**EXERCISE PROMPT:**
Beginning with the line of the entries below that holds "ПРИКАЗ ФНС РФ от 26.06.2025 N ЕД-7-14/559@" and ending with the line that holds "Форма журнала регистрации", transcribe each line exactly as written. Pictures stay out.

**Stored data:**
══════════════════════════════

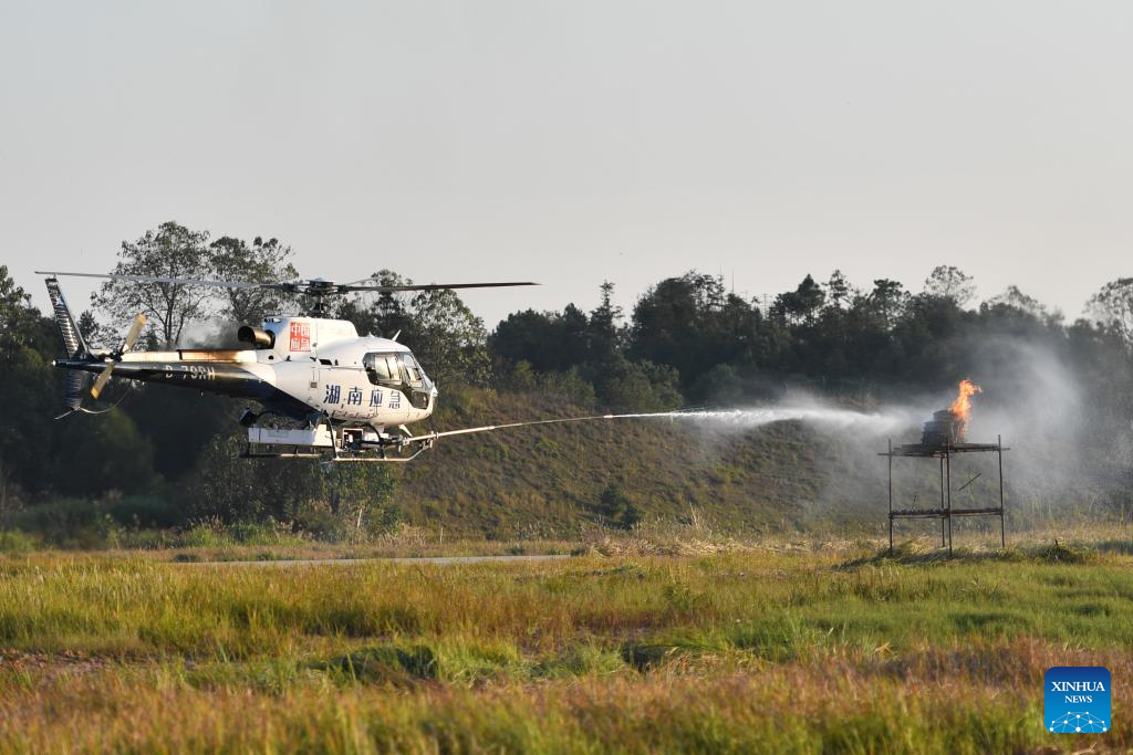 A helicopter conducts a fire drill during the 2025 Hunan International General Aviation and Low Altitude Economy Industry Expo at the Lusong Airport of Zhuzhou City, central China's Hunan Province, Nov. 21, 2025. The expo comprises a static exhibition at the Changsha International Convention and Exhibition Center in Changsha and an air show at the Lusong Airport of Zhuzhou City, both in central China's Hunan Province. (Xinhua/Chen Zhenhai)
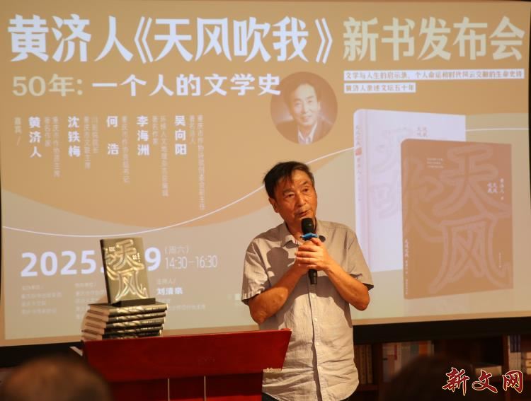 新文网-重庆讯(记者/陈发源)7月19日,由重庆出版社倾力打造,国家一级作家、重庆市作协原主席黄济人撰写的自传体文学著作《天风吹我》在重庆书城首发,黄济人以八十载人生阅历为墨,在这部凝结毕生思考的作品中,深刻镌刻了个体命运与时代洪流的深沉交响。
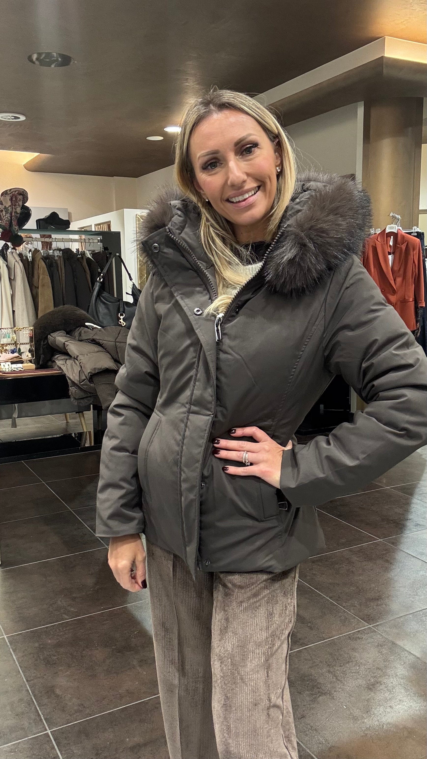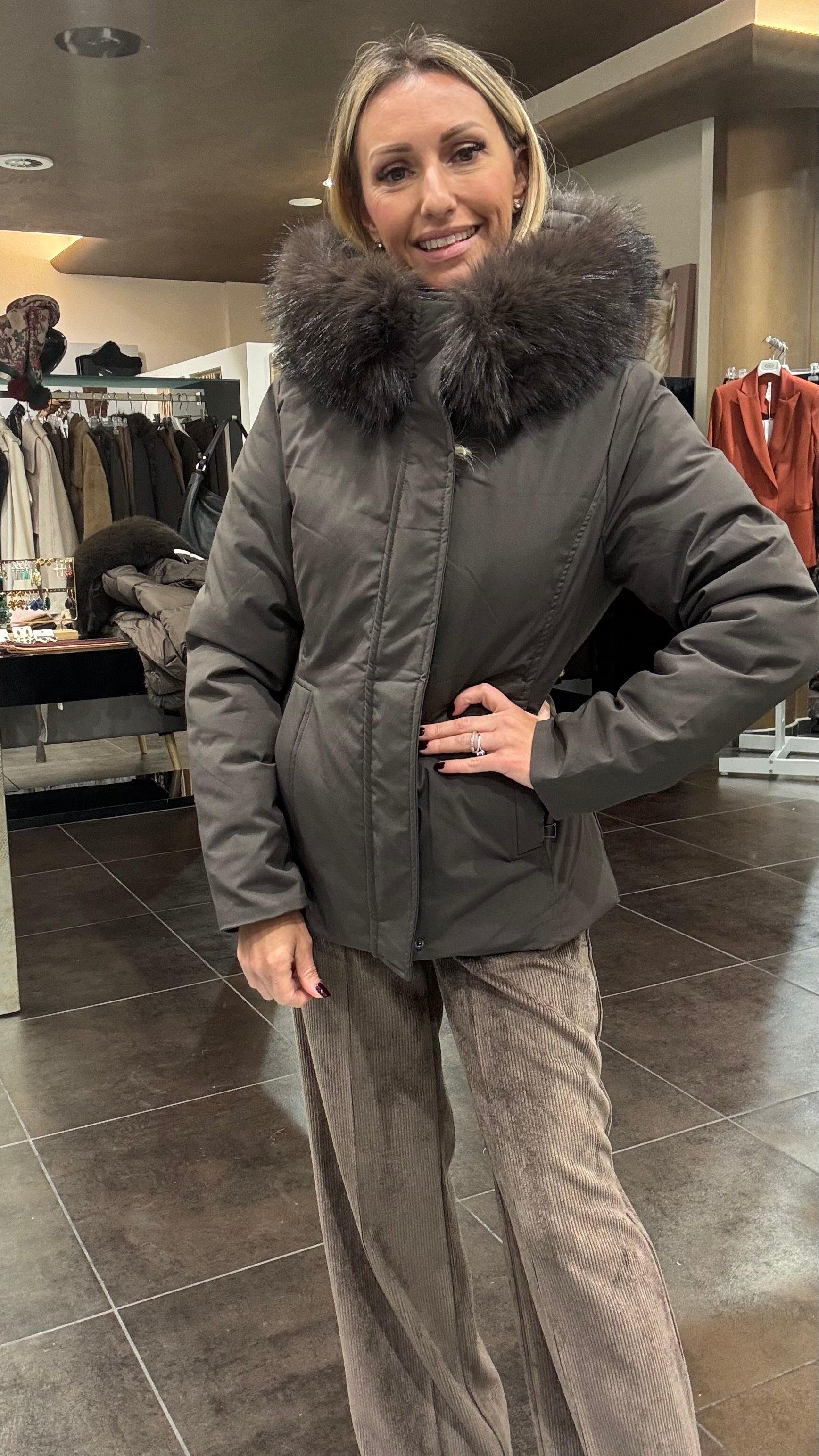 Giaccone imbottito in tessuto tecnico con collo in pello ecologico staccabile, cappuccio, zip e bottoni automatic
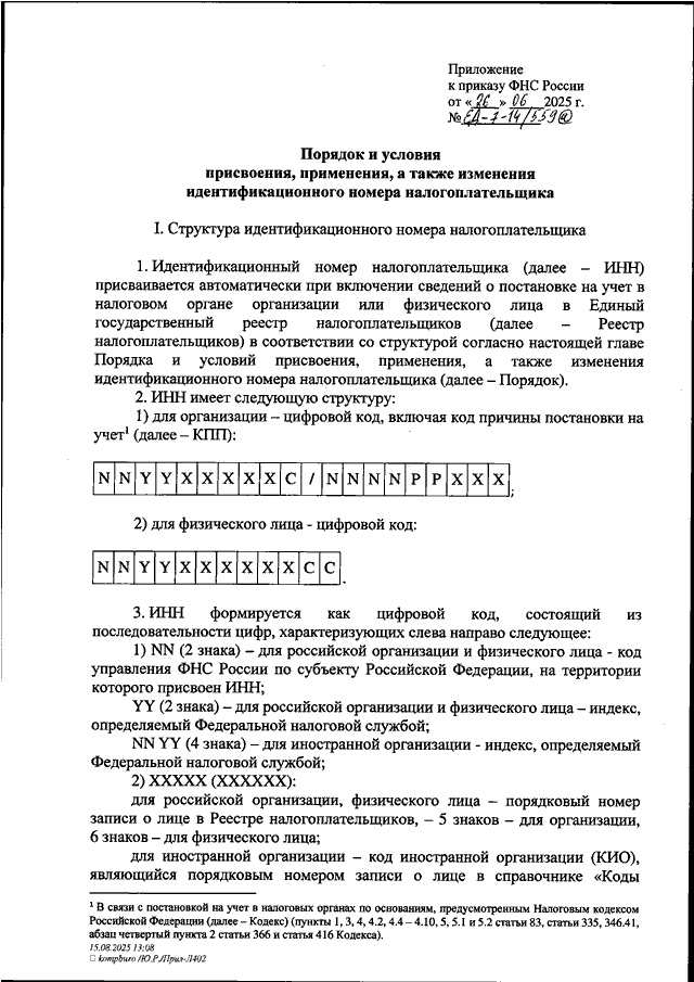ПРИКАЗ ФНС РФ от 26.06.2025 N ЕД-7-14/559@
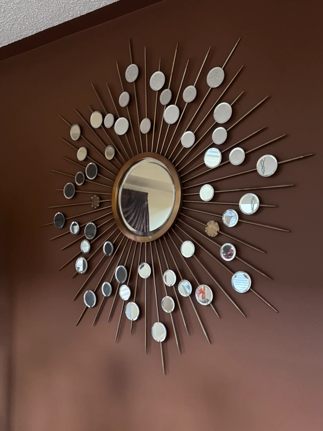 Add a touch of retro flair to your home with this eye-catching sunburst mirror! It's in great condition and ready to brighten up any room. The design features a central circular mirror surrounded by radiating spokes and smaller mirrored accents. Perfect for an entryway, living room, or bedroom!
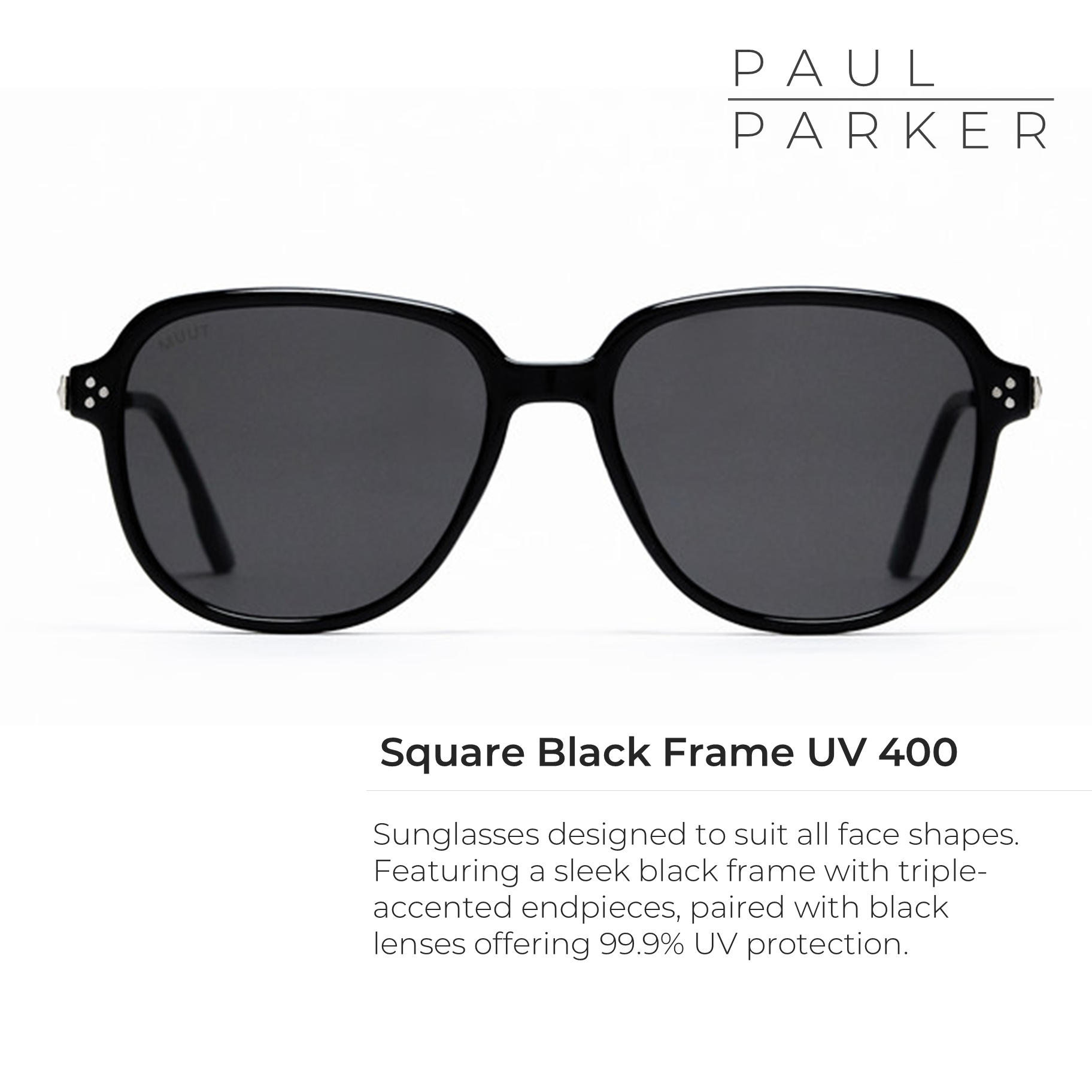 Paul Parker Square Black Frame UV 400 – Sunglasses Stylish Trend 2025. Paul Parker presents premium sunglasses with a bold & elegant design, suitable for all face shapes. Crafted with a stylish black square frame, and an end-piece decorated with three iconic points, these sunglasses provide an alluring modern look.
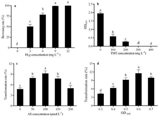 Effect of hygromycin (Hyg) concentration on the callus browning rate (a). Impact of Timentin (TMT) concentration on the A. tumefaciens culture solution optical density at 600 nm (OD600) (b). Effect of OD600 value on the transformation rate (c). Influence of acetosyringone (AS) concentration on the transformation rate (d). Hyg, hygromycin; TMT, Timentin; AS, acetosyringone. Different lowercase letters indicate significant differences at the 5% level based on Duncan’s multiple range test (p < 0.05).
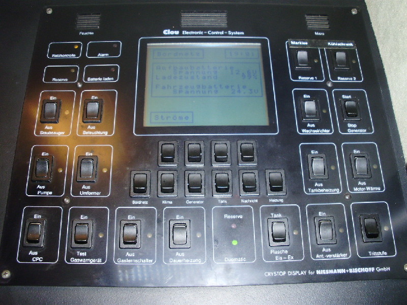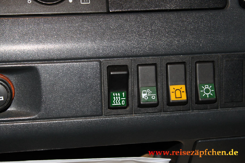 wir haben das gleiche Bedienfeld wie ihr, bei uns ist der ganz linke Schalter mit dem Wassertankfühler für 80 % Füllung belegt. Wenn beim Wassertanken ca. 80 % drin sind fängt der an zu piepen damit man weiß das man bald ausstellen muß.
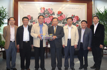 中海油總公司向南通市政府贈送紀念品,與會領導人員合影留念 |
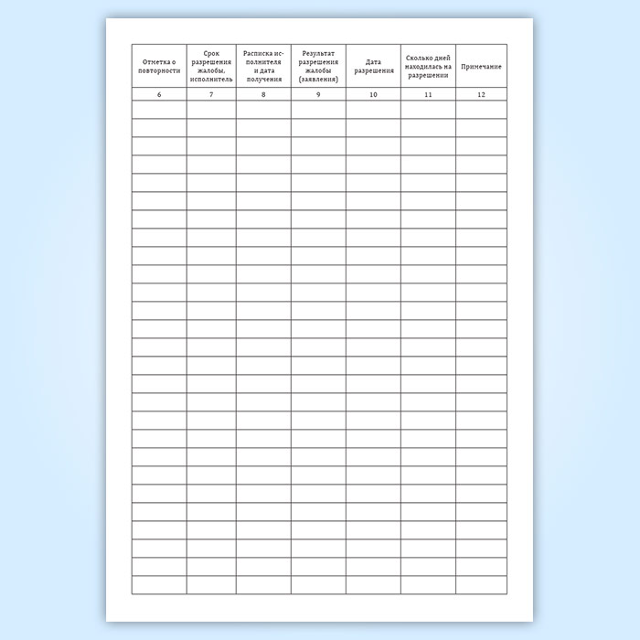 Форма журнала регистрации предложений, заявлений и жалоб на работу суда, не подлежащих рассмотрению в порядке, установленном уголовно-процессуальным и гражданско-процессуальным законодательством соответствует Приложению к Инструкции по судебному делопроизводству в районном суде
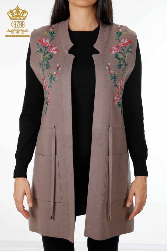 Женский трикотажный жилет оптом с двумя караманом с камнями вышовкой узорами - 16844 | КАZЕЕ
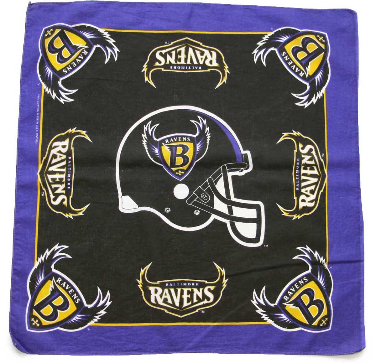 90s USA製 NFL BALTIMORE RAVENS アメフト ロゴ コットン バンダナ 黒×青紫
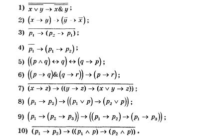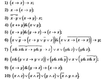 1. Установить, какие из следующих формул являются тождественно истинными, тождественно ложными путем преобразований и таблицы истинности.:

══════════════════════════════

**EXERCISE SOLUTION:**
ПРИКАЗ ФНС РФ от 26.06.2025 N ЕД-7-14/559@
 Add a touch of retro flair to your home with this eye-catching sunburst mirror! It's in great condition and ready to brighten up any room. The design features a central circular mirror surrounded by radiating spokes and smaller mirrored accents. Perfect for an entryway, living room, or bedroom!
 Paul Parker Square Black Frame UV 400 – Sunglasses Stylish Trend 2025. Paul Parker presents premium sunglasses with a bold & elegant design, suitable for all face shapes. Crafted with a stylish black square frame, and an end-piece decorated with three iconic points, these sunglasses provide an alluring modern look.
 Effect of hygromycin (Hyg) concentration on the callus browning rate (a). Impact of Timentin (TMT) concentration on the A. tumefaciens culture solution optical density at 600 nm (OD600) (b). Effect of OD600 value on the transformation rate (c). Influence of acetosyringone (AS) concentration on the transformation rate (d). Hyg, hygromycin; TMT, Timentin; AS, acetosyringone. Different lowercase letters indicate significant differences at the 5% level based on Duncan’s multiple range test (p < 0.05).
 wir haben das gleiche Bedienfeld wie ihr, bei uns ist der ganz linke Schalter mit dem Wassertankfühler für 80 % Füllung belegt. Wenn beim Wassertanken ca. 80 % drin sind fängt der an zu piepen damit man weiß das man bald ausstellen muß.
 中海油總公司向南通市政府贈送紀念品,與會領導人員合影留念 |
 Форма журнала регистрации предложений, заявлений и жалоб на работу суда, не подлежащих рассмотрению в порядке, установленном уголовно-процессуальным и гражданско-процессуальным законодательством соответствует Приложению к Инструкции по судебному делопроизводству в районном суде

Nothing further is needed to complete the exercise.